[Data shown]
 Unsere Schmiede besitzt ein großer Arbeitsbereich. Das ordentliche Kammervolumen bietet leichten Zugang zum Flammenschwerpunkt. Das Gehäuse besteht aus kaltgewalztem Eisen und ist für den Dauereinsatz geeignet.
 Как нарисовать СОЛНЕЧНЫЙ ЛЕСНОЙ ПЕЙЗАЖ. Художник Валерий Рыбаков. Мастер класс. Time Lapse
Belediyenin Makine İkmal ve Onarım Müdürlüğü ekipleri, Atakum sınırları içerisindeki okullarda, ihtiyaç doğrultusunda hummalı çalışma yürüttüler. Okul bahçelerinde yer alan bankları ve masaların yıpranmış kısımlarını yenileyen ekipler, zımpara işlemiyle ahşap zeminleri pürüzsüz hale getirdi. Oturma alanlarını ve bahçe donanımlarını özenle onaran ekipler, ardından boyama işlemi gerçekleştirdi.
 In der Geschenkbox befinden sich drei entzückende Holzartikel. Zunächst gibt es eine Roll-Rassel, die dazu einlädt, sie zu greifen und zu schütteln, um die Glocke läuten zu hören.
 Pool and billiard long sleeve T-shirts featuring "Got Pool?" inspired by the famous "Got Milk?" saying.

---

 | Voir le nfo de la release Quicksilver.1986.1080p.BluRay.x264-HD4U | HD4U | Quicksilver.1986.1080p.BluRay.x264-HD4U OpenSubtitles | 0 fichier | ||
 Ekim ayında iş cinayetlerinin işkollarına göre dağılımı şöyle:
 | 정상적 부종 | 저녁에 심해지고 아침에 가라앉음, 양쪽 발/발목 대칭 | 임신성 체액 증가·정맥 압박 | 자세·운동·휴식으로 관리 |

[Aim of the task] Only the lines above from the one with "Unsere Schmiede besitzt" through the one with "Как нарисовать СОЛНЕЧНЫЙ" should be duplicated, character for character.

[Reply]
 Unsere Schmiede besitzt ein großer Arbeitsbereich. Das ordentliche Kammervolumen bietet leichten Zugang zum Flammenschwerpunkt. Das Gehäuse besteht aus kaltgewalztem Eisen und ist für den Dauereinsatz geeignet.
 Как нарисовать СОЛНЕЧНЫЙ ЛЕСНОЙ ПЕЙЗАЖ. Художник Валерий Рыбаков. Мастер класс. Time Lapse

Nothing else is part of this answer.